Inter­est­ing. Watched Chan­nel 9’s pack­age of tsunami mourn­ing in order to test theory that visual foot­age tweaks emo­tional trig­gers in a way that writ­ten stor­ies did not. Admit­tedly, anyone who knows Chan­nel 9’s brand of emo­tional manip­u­la­tion would know that this is not exactly a sci­entific, neut­ral exper­i­ment. How­ever, I have to say that having now watched more extens­ive foot­age than the three-second wave grab the ABC was using repeatedly once I’d returned, I have had a more emo­tional reac­tion to the situ­ation than I did before I saw the footage. 

Key images that affected me: one of people near a build­ing trying to hold onto each other and then some of them are simply swept away from each other and dis­ap­pear under the water; the man talk­ing about think­ing he had the baby in his hands and find­ing he only had baby clothes; the woman who had to choose which child to hold onto and asking a stranger to hold onto her five-year-old so she could hold the baby (both, mira­cu­lously, sur­vived); the guy who got off the plane having been on hol­i­days in Aceh and took the Chan­nel 9 camera crew to where his house had been. This last is chal­len­ging: it is clas­sic manip­u­la­tion, and to some extent breaches the AJA code of ethics (not to intrude on grief) as the crew clearly staked out the air­port, offer­ing a lift back to a per­son’s house in exchange for film­ing the (oth­er­wise private and tragic) moment when they see the dev­ast­a­tion that their house has become. (Of course, this is nowhere near as bad as the time a TV crew asked a lost bush­walker they’d found after weeks to stag­ger around in a circle again for the camera *before* giving him water.)

Non­ethe­less, it is com­pel­ling tele­vi­sion.
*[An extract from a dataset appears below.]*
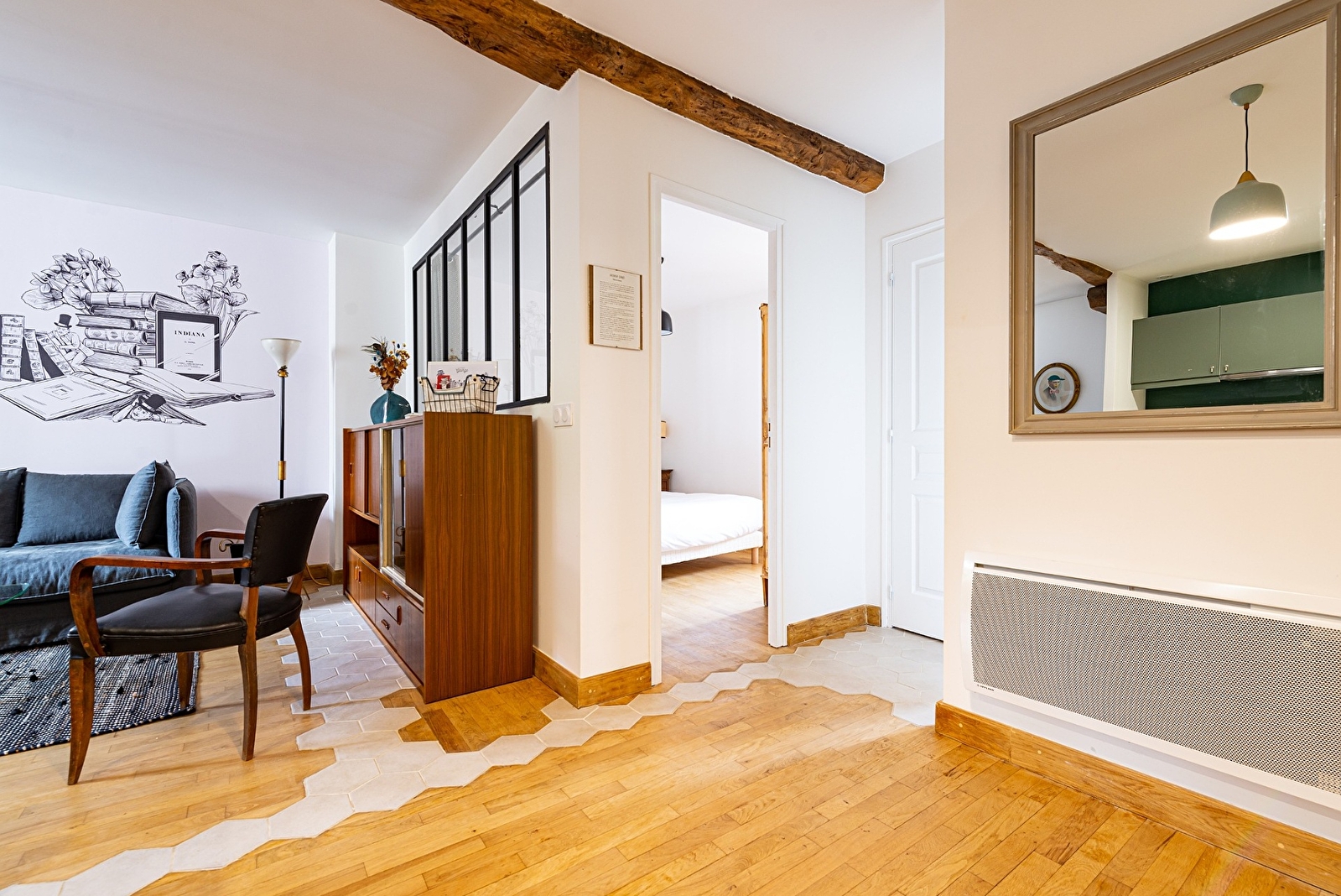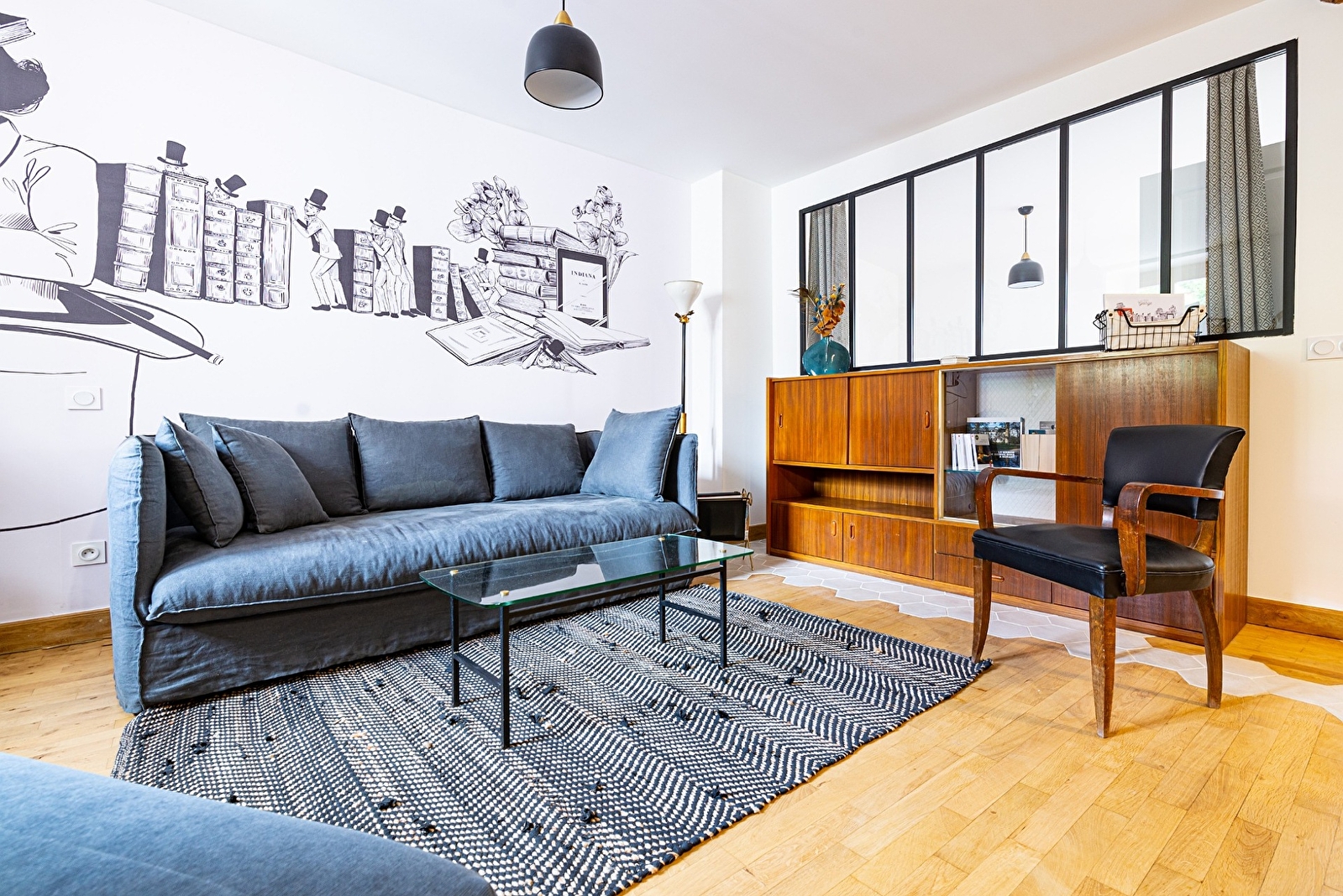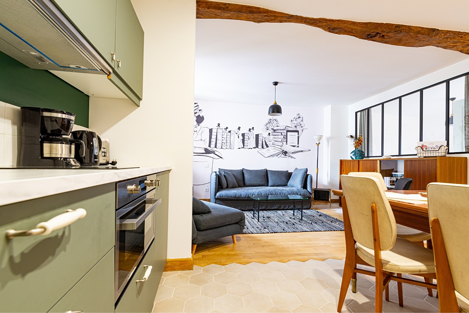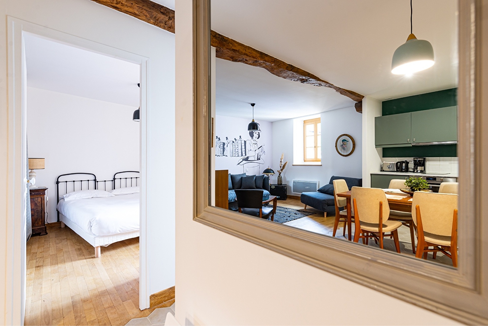 Notre plus grand logis (50m2) avec ses deux belles pièces bénéficie d'un très bel espace de vie avec son grand salon meublé d'un canapé lit (160cm) et d'un fauteuil convertible (90cm), attenante sa cuisine équipée d'un coin repas pour 5 personnes et d'une TV murale. La chambre est séparée par une élégante verrière et vous permettra de vous reposer dans un lit double Queen size. Les WC sont séparés ainsi que la jolie salle de bain munie d'une douche et d'une baignoire. Ce logis est idéal pour les familles ou les couples qui veulent passer un séjour confortable. Sur demande, nous pouvons vous fournir gratuitement un lit parapluie, un joli berceau et/ou une chaise haute pour bébé. Durant votre séjour, si vous souhaitez un ménage supplémentaire, sélectionnez l'option "ménage supplémentaire" au moment de la réservation. Dès votre arrivée, nous programmerons ensemble le jour de votre choix. Des petits-déjeuners et tapas sont servis au bar de La Maison George. Une formule à emporter et déguster en chambre est possible sur demande ! Demandez au bar directement à votre arrivée.

The man con­fronts the wreck­age in shock. He is dis­be­liev­ing at first and then doubles over in anguish. The reporter puts his hand on the man’s back, com­fort­ing him. So soon after our own hol­i­days, I can’t help but put myself in his shoes. I think about what I packed. I ima­gine those are now the only things I own in the world.

Now, I’ve read sim­ilar stor­ies to these and seen the fig­ures over and over recently. I def­in­itely think the moving image has affected me more on this issue, although in other cases I think writ­ten stor­ies have had more impact. I think it’s partly this time that the print stor­ies I read quickly lent them­selves to cul­tural ana­lysis, con­cen­trat­ing as they often did on ‘tour­ists’ and ‘Aus­trali­ans’ rather than the people whose homes were destroyed.